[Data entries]
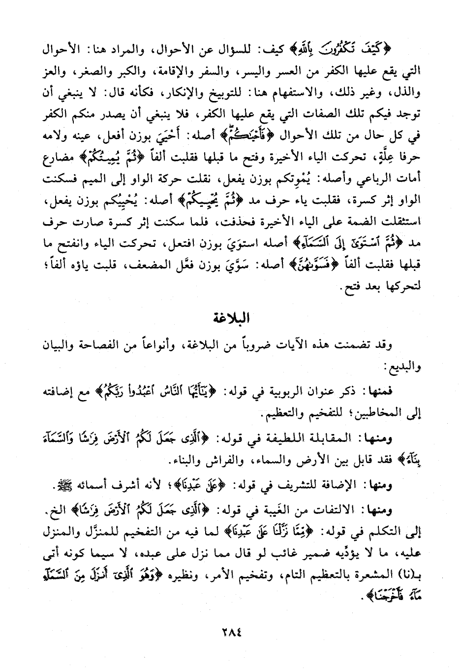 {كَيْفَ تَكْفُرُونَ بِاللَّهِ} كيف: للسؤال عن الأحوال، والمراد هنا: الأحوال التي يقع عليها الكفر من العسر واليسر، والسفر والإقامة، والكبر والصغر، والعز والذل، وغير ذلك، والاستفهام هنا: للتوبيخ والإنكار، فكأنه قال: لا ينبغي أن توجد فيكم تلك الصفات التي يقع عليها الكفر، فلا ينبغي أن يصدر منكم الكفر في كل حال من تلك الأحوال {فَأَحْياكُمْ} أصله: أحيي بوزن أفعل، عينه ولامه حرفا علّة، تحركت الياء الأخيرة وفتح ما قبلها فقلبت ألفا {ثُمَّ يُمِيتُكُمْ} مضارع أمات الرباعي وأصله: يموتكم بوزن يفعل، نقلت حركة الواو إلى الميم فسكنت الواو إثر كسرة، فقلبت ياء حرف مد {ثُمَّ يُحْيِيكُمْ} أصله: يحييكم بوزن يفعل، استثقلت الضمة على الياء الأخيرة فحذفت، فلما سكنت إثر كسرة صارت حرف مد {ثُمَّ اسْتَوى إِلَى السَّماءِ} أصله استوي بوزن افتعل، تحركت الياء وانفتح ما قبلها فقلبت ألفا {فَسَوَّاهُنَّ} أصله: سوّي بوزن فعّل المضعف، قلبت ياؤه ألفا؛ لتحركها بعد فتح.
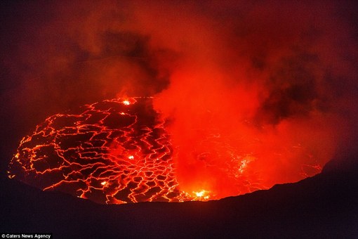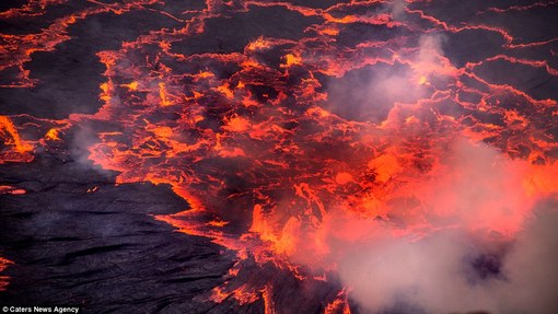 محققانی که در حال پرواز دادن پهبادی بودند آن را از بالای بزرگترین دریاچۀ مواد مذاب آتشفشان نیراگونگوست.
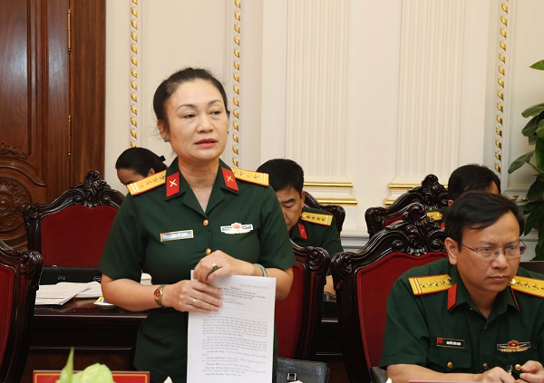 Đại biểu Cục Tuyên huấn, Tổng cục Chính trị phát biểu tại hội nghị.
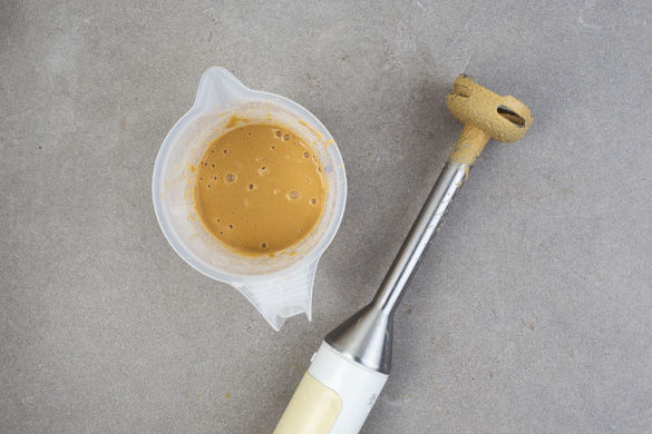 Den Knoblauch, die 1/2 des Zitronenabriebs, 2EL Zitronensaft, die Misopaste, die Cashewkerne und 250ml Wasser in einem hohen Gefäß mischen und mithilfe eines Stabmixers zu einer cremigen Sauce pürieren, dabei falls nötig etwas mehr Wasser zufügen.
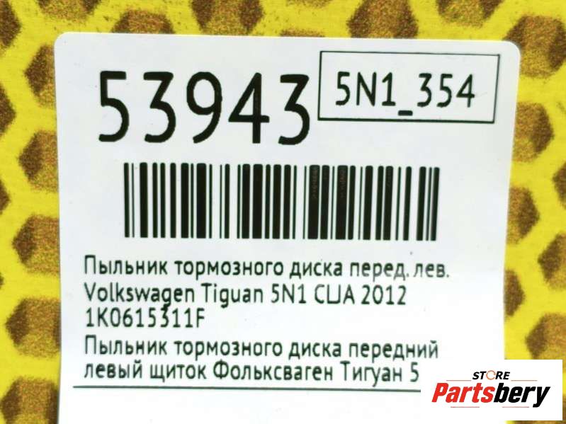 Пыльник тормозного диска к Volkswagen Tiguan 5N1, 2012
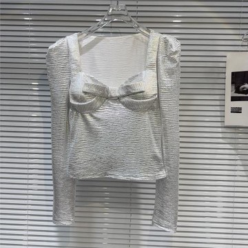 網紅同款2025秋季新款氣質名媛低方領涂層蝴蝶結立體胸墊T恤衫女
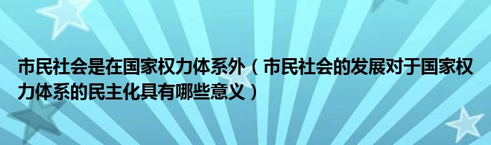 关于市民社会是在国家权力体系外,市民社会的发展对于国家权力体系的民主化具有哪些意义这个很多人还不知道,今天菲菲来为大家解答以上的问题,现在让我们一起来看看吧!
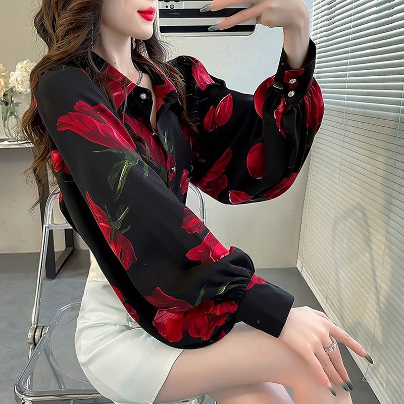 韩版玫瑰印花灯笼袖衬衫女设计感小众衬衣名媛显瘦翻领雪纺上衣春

**WHAT TO PRODUCE:** Without the pictures, transcribe exactly the lines above from the one containing "網紅同款2025秋季新款氣質名媛低方領涂層蝴蝶結立體胸墊T恤衫女" through the last.

**EXERCISE OUTPUT:**
 網紅同款2025秋季新款氣質名媛低方領涂層蝴蝶結立體胸墊T恤衫女
 关于市民社会是在国家权力体系外,市民社会的发展对于国家权力体系的民主化具有哪些意义这个很多人还不知道,今天菲菲来为大家解答以上的问题,现在让我们一起来看看吧!
 韩版玫瑰印花灯笼袖衬衫女设计感小众衬衣名媛显瘦翻领雪纺上衣春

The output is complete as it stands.